Нет, так нельзя. Ну, убьет он двух немцев. А потом фашисты перебьют всю эту семью. Пять человек, трое детей. Сам он шестой. Шестеро за двоих — слишком дорогая плата. Видно уж, придется сидеть в углу и ждать. Все сено вряд ли уместится на повозку, так что могут и не докопаться. Ну, а если проткнут случайно вилами, не издать ни одного звука.

Немец пыхтел где-то совсем рядом. Сено было сухое и пыльное, труха проникала даже сюда. Немец чихал и сморкался. Коняхину опять мучительно хотелось кашлять, и он судорожно глотал, зажимая пальцами нос, крутил его, массировал горло…

Все-таки ему повезло и на этот раз. Немцы, нагрузив полповозки, уехали. А может, они приедут снова, чтобы забрать остатки сена? Надо уходить.

Он вылез из своего укрытия, осмотрелся. Часового у штаба не было, но на завалинке сидели семеро немцев. Должно быть, грелись на солнышке. Коняхину видно было даже, как они щурятся от удовольствия.

Обшарив чердак, он нашел железный шкворень. Что же, тоже может пригодиться. Лейтенант снова залез в сено, уселся поудобнее и стал ждать.

4

Дверь в сени, должно быть, осталась открытой, и все, что говорилось в хате, Коняхин хорошо слышал.

— Надо бежать! — говорила хозяйка. — Забрать ребятишек и бежать.

— Ну и куда ты с ними убежишь? — насмешливо спросил мужчина.

— Все равно куда, только надо бежать. А если они еще приедут за сеном?

— Вызовусь помогать, сам полезу скидывать сено.

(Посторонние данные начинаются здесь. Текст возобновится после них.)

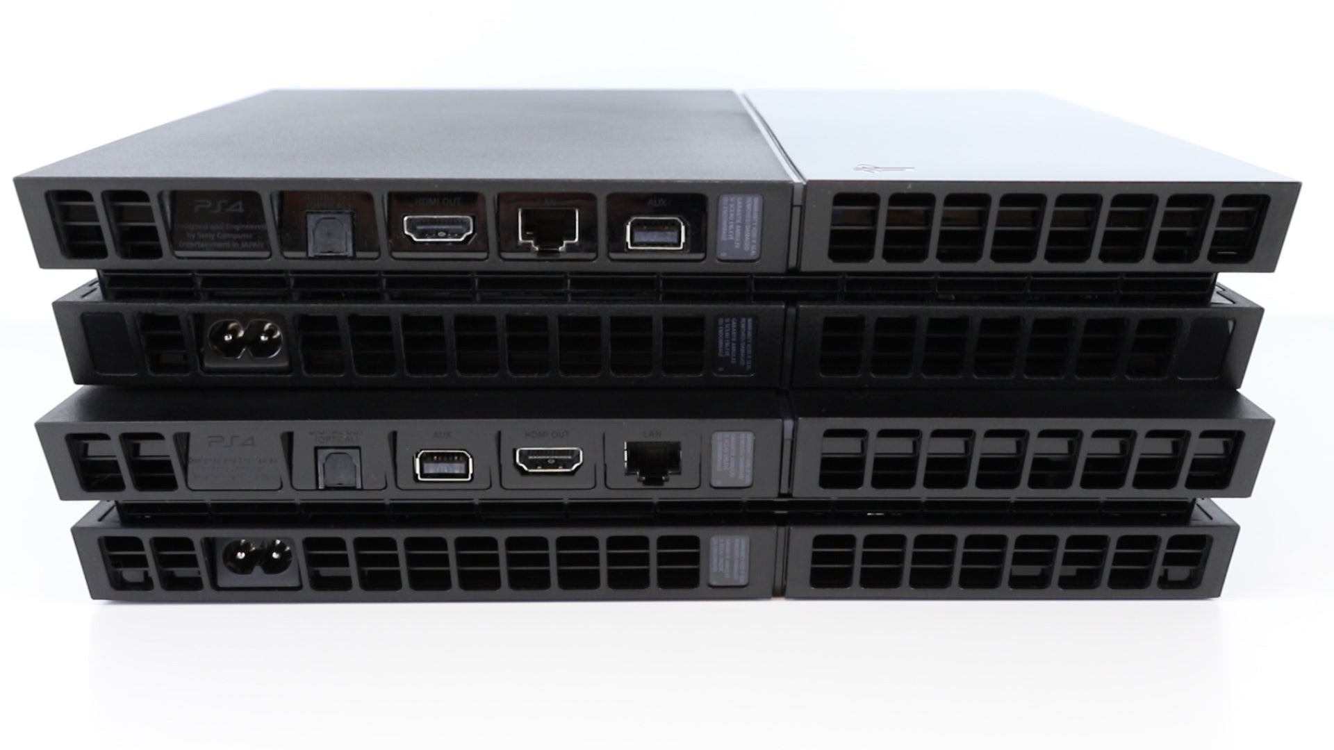 Otherwise, the new PS4 is in many ways similar to the old. Placed side-by-side, the dimensions are matched to the millimeter (barring the new buttons), while internally, shots reveal the same sized APU at the motherboard's centre - a likewise 28nm chip. The only other tweak is to the PS4's port layout around the back; the HDMI, auxiliary and Ethernet ports all switched around at no real consequence.

— Куда уж тебе! Ты и на чердак-то не влезешь.

— Да уж как-нибудь…

— Ох, Фома, неужто тебе этот танкист дороже собственных детей?

— Ничего ты, Ефимия, не понимаешь.

— Где уж мне, — обиделась хозяйка.

В хате замолчали, мужчина проковылял в сени, закрыл дверь. Долго возился в сенях, потом где-то совсем рядом Коняхин услышал его шепот:

— Эй, товарищ! Слышишь меня?

— Слышу, — так же шепотом ответил лейтенант.

— Как стемнеет, не уходи. Жди меня. А если снова приедут немцы, действуй по обстановке.

К счастью, немцы не вернулись.

Когда стемнело, Коняхин вылез из укрытия, сел недалеко от лаза и стал ждать. В доме было тихо, лишь изредка звякала посуда да плакал ребенок. Затихло и село. Во всех домах, кроме штаба, погасли огни.

Хозяин пришел во втором часу ночи. Познакомились. Звали хозяина Фомой Мироновичем. Он рассказал, почему остался здесь. От службы в армии освобожден «по чистой» — «больное сердце, язва желудка, и нога, вот видишь, волочится».

— О партизанах до сих пор в наших краях не слышно было. Правда, сейчас говорят, объявились они и здесь, но я с ними пока, не связан. Попробую узнать, может, тебя к ним и переправим. А пока договоримся вот о чем. Будешь через одну ночь на вторую приползать сюда и все, что нужно, забирать. Еды, сам понимаешь, семье не хватает, но что-нибудь оставим и для тебя. Ну там вода, тряпки — это само собой. Может, лекарств каких раздобуду. Все это ты найдешь в том блиндажике, где Пашку откопал. В правом углу. В хату не заходи, можешь опять на немцев нарваться. Если же что еще надо будет, оставь записку, вот бумага и карандаш. Как написать, сам соображай, чтобы в случае, если записка попадет в чужие руки, ничего не поняли.

— Спасибо, Фома Миронович.

— Да, вот еще что: документы при тебе какие есть?

— А так не верите?

— Не к тому я. Если схватят тебя ненароком, пропадешь с ними. Поэтому схорони их как следует. А лучше, если мне отдашь. Я уж спрячу так, что и в целости будут, и в сохранности. К тому же, если свяжусь с партизанами, мне могут не поверить, а твоим документам поверят. При себе их носишь?

— При себе.

— Вот и глупо.

Может, и верно — глупо, но Коняхин документы всегда носил при себе. В первые дни войны многие бойцы, попав в окружение, зарывали документы, а потом столько неприятностей у них было из-за этого. И лейтенант тоже осуждал их. Бросить оружие и документы — это он считал тяжким преступлением. И сейчас не собирался отдавать их Фоме Мироновичу. Впрочем, тот и не настаивал.

— Дело это твое личное, поступай как хочешь.

И может быть, именно потому, что тот не настаивал, доводы его показались убедительными. Особенно насчет партизан. Могут ведь и в самом деле не поверить.

Ни Фома Миронович, ни те партизаны, с которыми он свяжется, не знают лейтенанта Коняхина. И тут уж, как ни крути, документ будет играть решающую роль.

И он отдал документы. Не знал он тогда, насколько опрометчиво поступает, как дорого ему это обойдется.